Western Union Business Solutions, a business unit of the Western Union Company (NYSE:WU), a leader in global payment services, today announced results of a survey of Chinese companies which found that by settling transactions with Chinese exporters in U.S. dollars (USD) instead of Chinese yuan (CNY) American businesses paid approximately $2.4 billion in fees to account for foreign exchange risk. 1
The industries most affected by these transaction fees are those that import the highest level of goods and services from China by transaction value. In New York, the personal care industry made the most payments to China in 2011 by value according to Western Union Business Solutions data, followed by the textile and finance industries. The personal care industry in particular saw strong growth in the amount of money they sent to China in 2011, with the value of payments more than doubling compared to 2010. New York textile companies grew payments by 51% while payments in the finance sector dropped 30%. New York arts and antiques dealers, while not yet ranking with the top industries in terms of overall value, increased their payments to China by a robust 179% compared to a 113% increase for the city as a whole.

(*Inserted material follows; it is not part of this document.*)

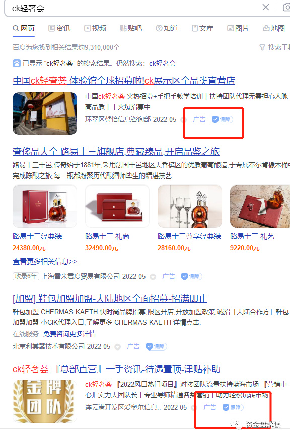 现在 ,在百度搜索 “ck轻奢会”排名最靠前的都是花钱做的广告推广,也就是再想收割最后一波。

“The U.S. is the number one export destination for companies based in China,” said Alfred Nader, Vice President of Corporate Strategy & Development, North America, at Western Union Business Solutions. “To date, the vast majority of transactions between companies based in the U.S. and China have been settled in American dollars. It is time to take a step back and evaluate to what extent it makes sense for American companies to continue to pay Chinese exporters in something other than their preferred local currency.”

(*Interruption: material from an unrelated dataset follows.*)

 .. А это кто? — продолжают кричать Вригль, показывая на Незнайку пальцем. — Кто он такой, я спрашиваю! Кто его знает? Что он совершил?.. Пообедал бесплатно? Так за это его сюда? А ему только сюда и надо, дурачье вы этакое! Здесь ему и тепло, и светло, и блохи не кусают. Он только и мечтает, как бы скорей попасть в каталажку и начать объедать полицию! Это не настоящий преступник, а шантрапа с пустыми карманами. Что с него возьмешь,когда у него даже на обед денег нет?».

Western Union Business Solutions’ survey of more than 1,000 Chinese companies who are able to settle merchandise exports in CNY (known as mainland designated enterprises, or MDEs) reveals a desire in China to receive payments in their home currency. The results show that more than one third (36%) would prefer to be paid in CNY, with over 20 percent naming exporter convenience and reduced foreign exchange risk as the main drivers for that preference.